Trained investigators gathered scholarly profile information from Google Scholar and Scopus for all trainees from the date they started in a NIH/CTSA-supported TS PhD or TST Program until the date of this analysis (8/3/2023). It is required by NIH to follow trainees for at least 10 years after completion of their program, so this approach included the maximum possible time to capture their scholarly activity during and after their time in-program. A total of 141 trainees participated in these programs. All 141 trainees were considered for study inclusion. Trainee profiles were included when the person had an affiliation with the institution or its CTSA partners. If it could not be determined with confidence that a profile belonged to the individual of interest, that person’s information was not included in this analysis. Trainees were divided into two groups: TS PhD students and TST trainees. TST trainees were further subdivided into two subgroups: TST predoctoral and TST postdoctoral trainees.

Google Scholar and Scopus both contained number of publications, number of citations, h-index, and first publication year. Investigators calculated number of citations/year and m-quotient using the data contained therein. M-quotient was defined as h-index divided by “n,” where “n” equaled the number of years since first publication. For trainees with active profiles in both Google Scholar and Scopus, investigators used the Wilcoxon Signed Rank test (for non-normally distributed, paired, numerical data) to evaluate possible differences in number of citations, citations/year, h-index, and m-quotient between the two sources.

Results

A total of 38 (13 TS PhD students and 26 TST trainees) of 141 trainees (27%) had active profiles in both Google Scholar and Scopus that could be matched with confidence, and were therefore eligible for this study. One eligible person was both a TS PhD student and a TST predoctoral trainee; this person was included in both groups (hence the sum of 39). Of the TST trainees, 21 were predoctoral and five were postdoctoral trainees.

All four metrics (citations, citations/year, h-index, and m-quotient) were significantly higher (p < 0.05) in Google Scholar than Scopus for the entire study population, TS PhD students, TST trainees, and TST predoctoral trainees (Table 1). The comparison for TST postdoctoral trainees (only five individuals), lacked sufficient study power to detect a significant difference; nevertheless, all four bibliometrics were also numerically higher in Google Scholar than Scopus for these postdoctoral trainees as well.

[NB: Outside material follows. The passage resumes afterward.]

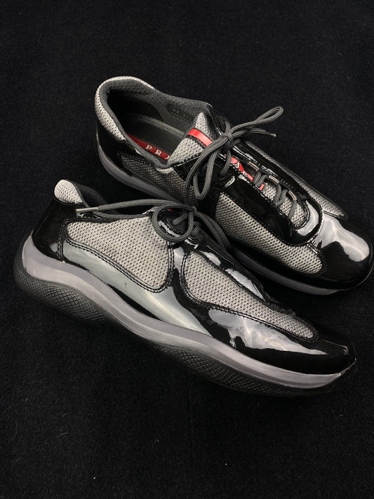 PRADA MILANO AMERICA'S CUP PATENT LEATHER SNEAKER. (40)
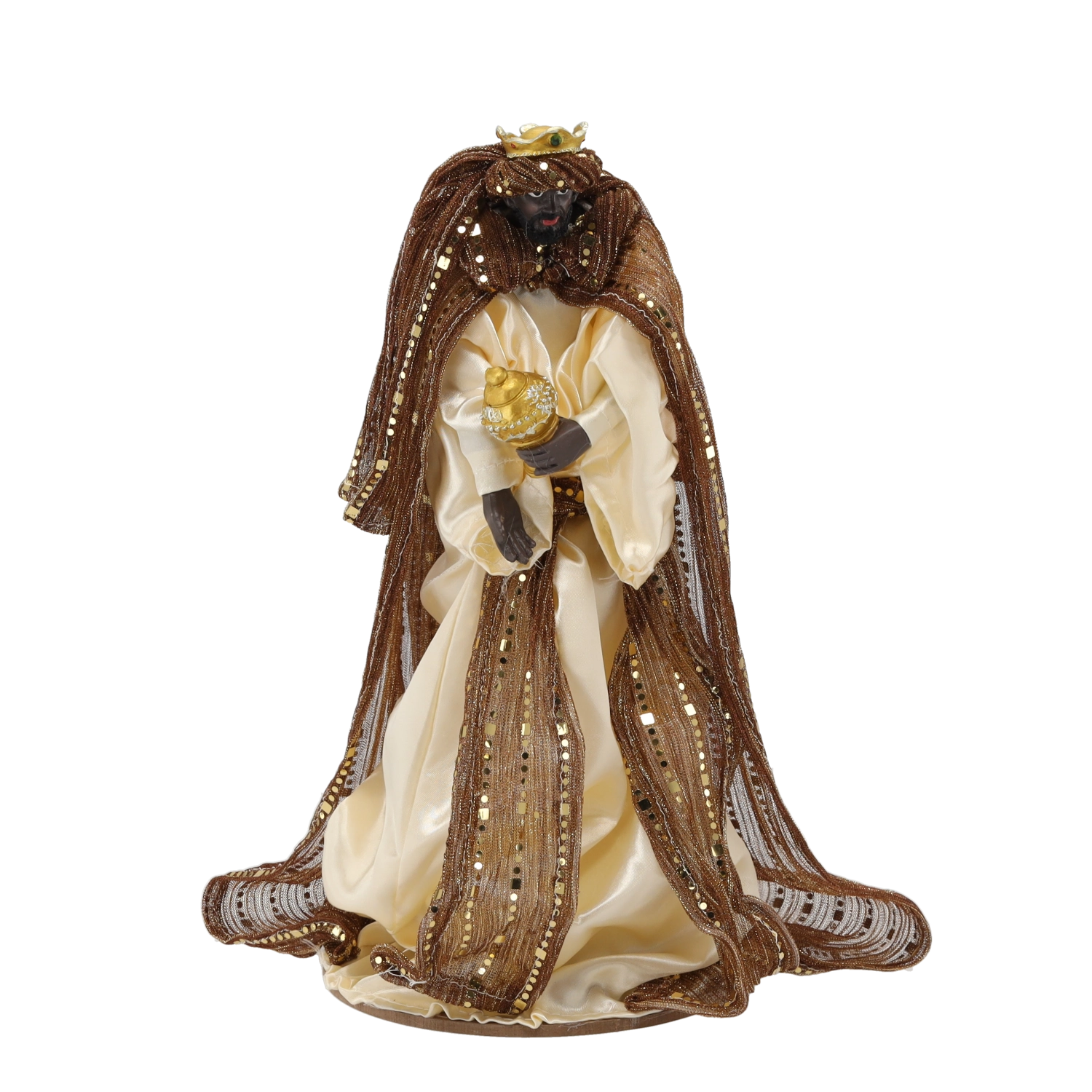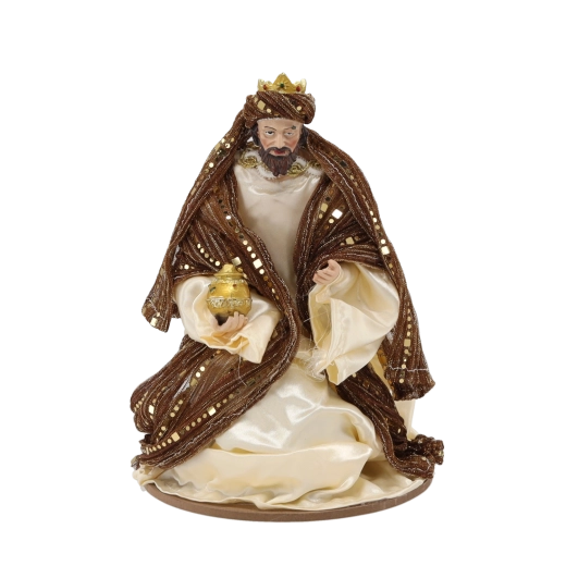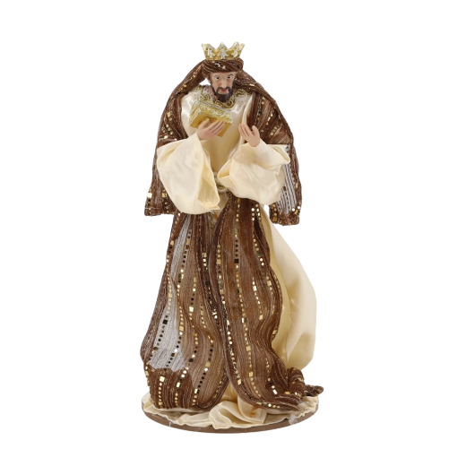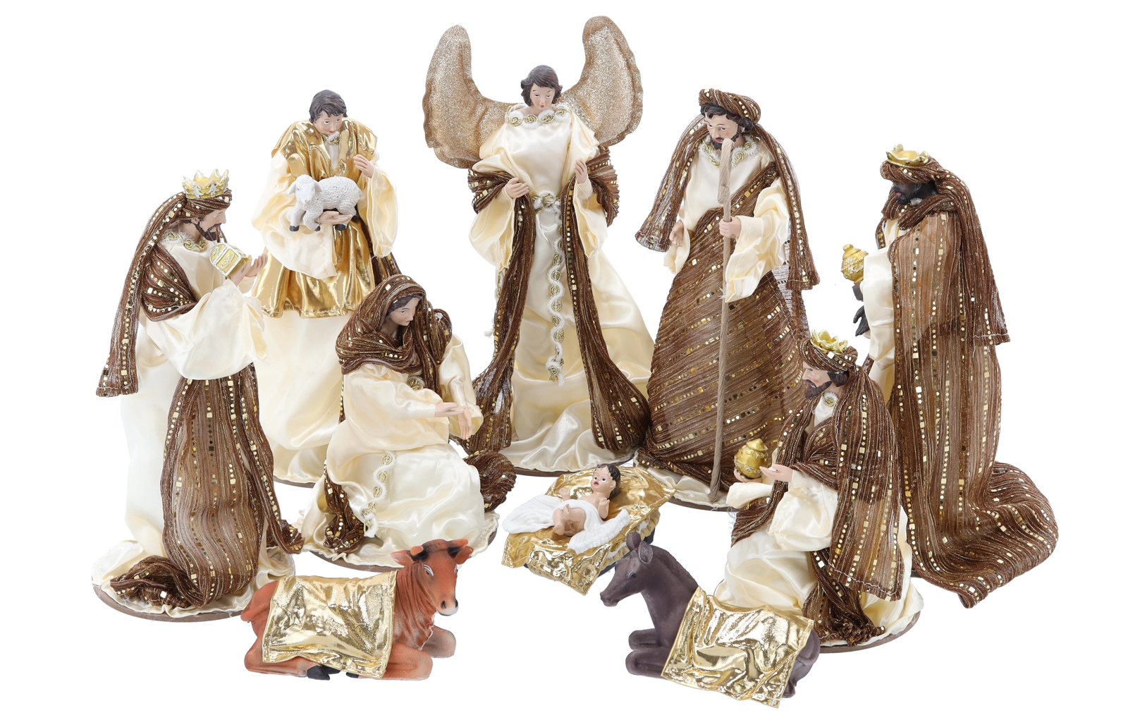 Dieses repräsentative Krippenset umfasst die Heilige Familie, einen Engel, die Heiligen Drei Könige, einen Hirten und zwei Tiere. Figuren in creme- und brauntönen mit goldenen Details wirken elegant und zeitlos und fügen sich sowohl in klassische als auch moderne Interieurs hervorragend ein. Das Harzmaterial gewährleistet eine lange Lebensdauer und Stabilität.

Table 1 Comparison of scopus and google scholar metrics for participants appearing in both.

Full size table

Study limitations

It is important to recognize that our study has limitations, such as possible selection bias, as only trainees with an affiliation with the institution were included. Additionally, this study did not include contextual factors such as trainee history, area of study, or authorship trends in these analyses. Finally, as Google Scholar and Scopus continue to improve, certain updates may not be reflected in this work. Despite these limitations, the current work provides valuable insights on the variance in h-index and other bibliometrics when using Google Scholar and Scopus.

Discussion

To our knowledge, this is the first study to compare bibliometrics in Google Scholar and Scopus among translational science trainees. We discovered overall higher values for all four metrics for these trainees in Google Scholar. This is consistent with previous studies found in the literature (Maurya and Kumar, 2022; Aziz et al., 2009a; Anker et al., 2019; De Groote and Raszewski, 2012). For example, when comparing the Google Scholar and Scopus profiles of Nobel Prize Laureates for Chemistry (22) and Economic Sciences (15), Maurya and Kumar reported that Google Scholar had higher h-index and citation counts (Maurya and Kumar, 2022). In another study evaluating citation counts among Google Scholar, Scopus, and Web of Science, for general medicine journals, Kulkarni et al. found that articles indexed in Google Scholar and Scopus received higher citation counts than those indexed in Web of Science (Kulkarni et al. (2009a). However, upon multivariate analysis, only group authored manuscripts maintained this trend, with Google Scholar demonstrating slightly fewer citations that Scopus or Web of Science (Kulkarni et al. (2009a). Both studies also mentioned lower citation accuracy for Google Scholar when compared to other options (Maurya and Kumar, 2022; Kulkarni et al. (2009a).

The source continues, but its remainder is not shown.